*Try it:* Every picture should be left out, but the lines below must be repeated exactly.

──────── Data ────────

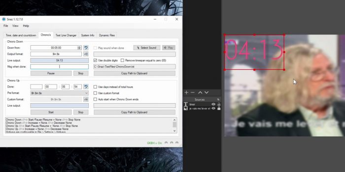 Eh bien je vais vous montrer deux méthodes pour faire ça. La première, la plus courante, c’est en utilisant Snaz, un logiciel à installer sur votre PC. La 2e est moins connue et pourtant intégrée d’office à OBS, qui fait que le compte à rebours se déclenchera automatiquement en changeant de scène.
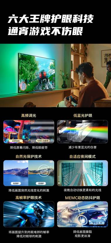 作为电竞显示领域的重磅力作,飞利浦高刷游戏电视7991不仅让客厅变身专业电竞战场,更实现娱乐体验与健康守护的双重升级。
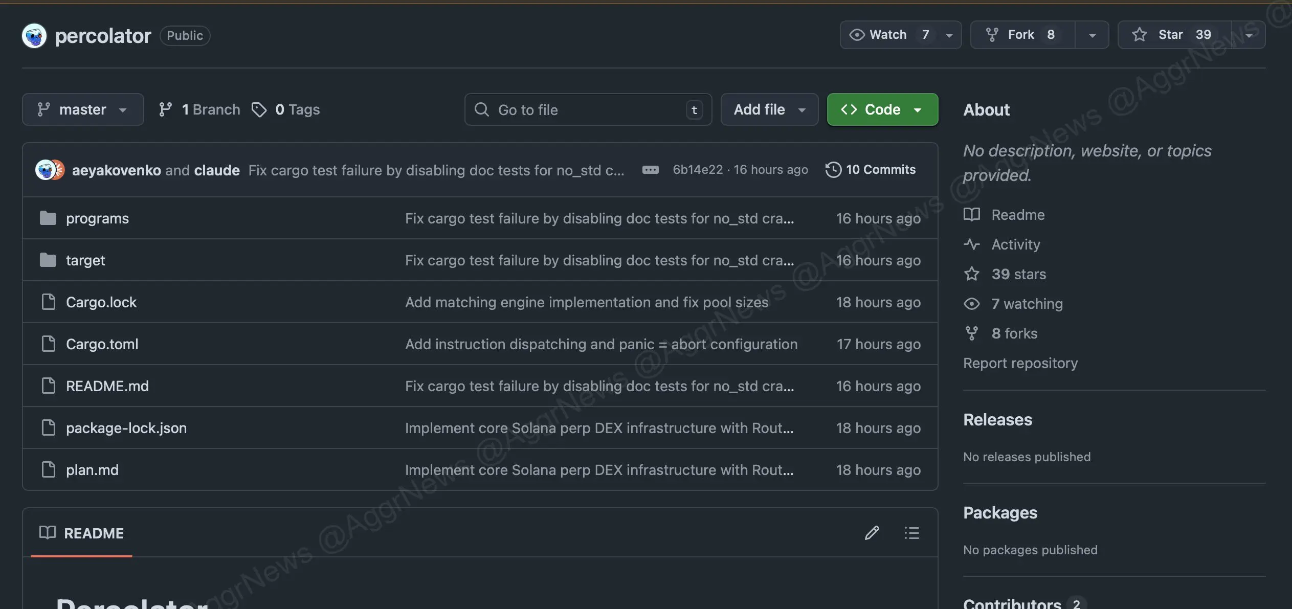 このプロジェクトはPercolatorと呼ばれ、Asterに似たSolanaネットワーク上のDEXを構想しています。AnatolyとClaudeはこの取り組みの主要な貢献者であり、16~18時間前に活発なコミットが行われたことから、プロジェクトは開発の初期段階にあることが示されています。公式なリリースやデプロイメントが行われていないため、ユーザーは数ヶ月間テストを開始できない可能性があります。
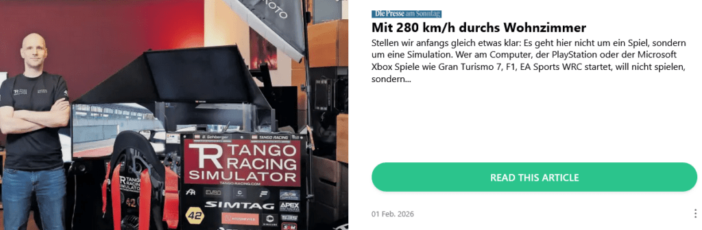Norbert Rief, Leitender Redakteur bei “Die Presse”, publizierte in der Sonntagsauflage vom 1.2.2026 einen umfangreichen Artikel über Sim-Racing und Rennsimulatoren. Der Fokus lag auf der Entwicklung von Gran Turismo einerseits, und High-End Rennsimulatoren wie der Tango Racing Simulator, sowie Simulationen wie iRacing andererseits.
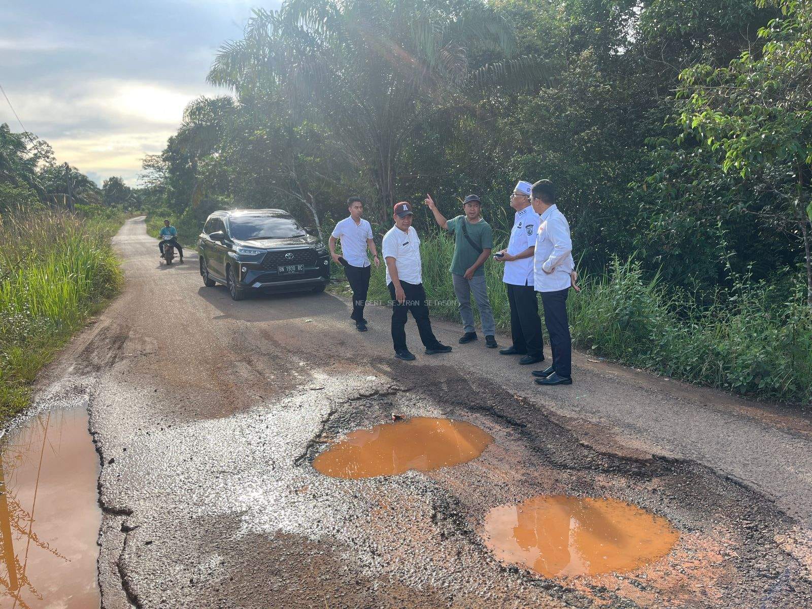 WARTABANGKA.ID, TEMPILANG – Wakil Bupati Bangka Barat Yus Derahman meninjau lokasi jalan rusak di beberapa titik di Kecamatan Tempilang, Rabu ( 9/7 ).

────────

*Answer below:*
 Eh bien je vais vous montrer deux méthodes pour faire ça. La première, la plus courante, c’est en utilisant Snaz, un logiciel à installer sur votre PC. La 2e est moins connue et pourtant intégrée d’office à OBS, qui fait que le compte à rebours se déclenchera automatiquement en changeant de scène.
 作为电竞显示领域的重磅力作,飞利浦高刷游戏电视7991不仅让客厅变身专业电竞战场,更实现娱乐体验与健康守护的双重升级。
 このプロジェクトはPercolatorと呼ばれ、Asterに似たSolanaネットワーク上のDEXを構想しています。AnatolyとClaudeはこの取り組みの主要な貢献者であり、16~18時間前に活発なコミットが行われたことから、プロジェクトは開発の初期段階にあることが示されています。公式なリリースやデプロイメントが行われていないため、ユーザーは数ヶ月間テストを開始できない可能性があります。
Norbert Rief, Leitender Redakteur bei “Die Presse”, publizierte in der Sonntagsauflage vom 1.2.2026 einen umfangreichen Artikel über Sim-Racing und Rennsimulatoren. Der Fokus lag auf der Entwicklung von Gran Turismo einerseits, und High-End Rennsimulatoren wie der Tango Racing Simulator, sowie Simulationen wie iRacing andererseits.
 WARTABANGKA.ID, TEMPILANG – Wakil Bupati Bangka Barat Yus Derahman meninjau lokasi jalan rusak di beberapa titik di Kecamatan Tempilang, Rabu ( 9/7 ).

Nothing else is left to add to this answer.